评分: 5置信度: 42023-11-01

This paper proposes a self-supervised learning method called EMP-SSL, which can converge and achieve good performance within a few epochs. The main technique used in the proposed method is to augment the images into multiple views and ensure them to be semantically closed. Additional regularizer is added to avoid collapsed representation. The experiment results suggest that the proposed EMP-SSL can reach a relatively good result within only 1 epoch on various standard datasets. The method can also reach better results with more epochs of training. The good transferability to OOD data is also promised by experiments.

优点

S1: The proposed method is indeed simplistic as the authors have claimed, which can be easily implemented.
S2: The experiment settings and datasets are variously chosen, which ensures the generality of the conclusion to some extent.
S3: The results of pretraining only 1 epoch are surprising.

缺点

W1: The so-called one epoch is a little tricky, since EMP-SSL use 20-200 views for one image, which is far more than conventional methods have used. EMP-SSL will use at least 10 times of the data as much as conventional SSL methods use in one epoch.
W2: I do not see results with ResNet-50 network, which may be a more standard setting for self-supervised learning. Some conclusions reached with smaller networks may not be generalized to larger networks.
W3: While I approve of the note on time efficiency, the comparison of time efficiency is not intuitive. I still wonder how many epochs can be run using conventional methods like SimCLR in the time of running 1 epoch of EMP-SSL.
W4: The authors mentioned co-occurrence in their motivation of the methods. However, I have no idea what the co-occurrence is represented here and how this technical term is defined.
W5: The paper may lack some ablation study on the choice of the loss function. Given 200 views of one image, I believe there are more than one ways to design the loss function and the regularizer, i.e.
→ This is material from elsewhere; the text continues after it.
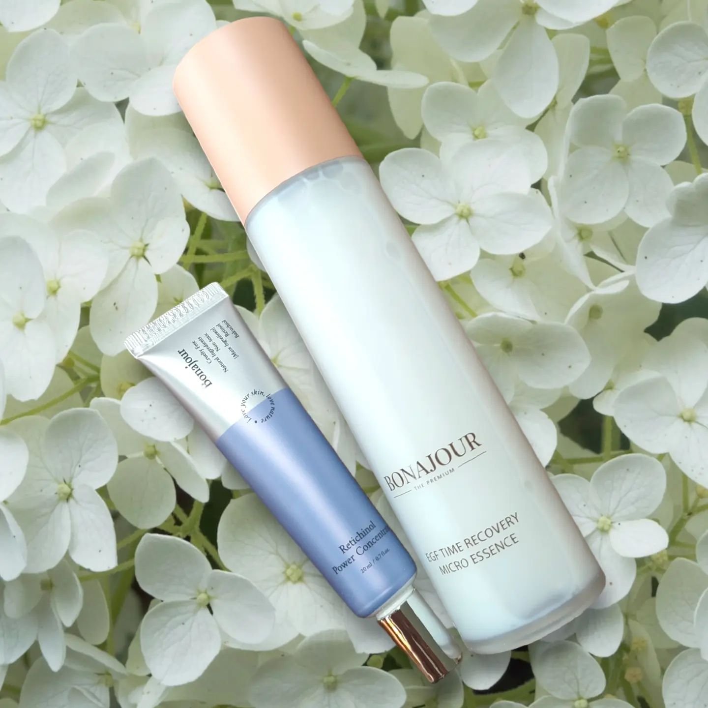 --------------------BONAJOUREGFタイムリカバリーエッセンス--------------------高濃縮・高栄養・高機能な化粧水⸝⸝꙳化粧水というより軽い乳液のようなテクスチャー乳白色でほんのりとろみがありなめら...

InfoNCE loss.

问题

Besides the questions raised in the weakness part, I have several additional questions:

Q1: I notice that the patch cropped from the original image is in a fixed size. Is there any motivation for that this size is chosen and that the size is fixed. How about using a random size just like the cropping operation in most self-supervised learning method?
Q2: The experiments support the fact that EMP-SSL is good at transfer learning. Can the authors provide an intuitive explanation?
Q3: The authors use bag-of-feature representation, which will produce different results in each evaluation. What is the variance of these results?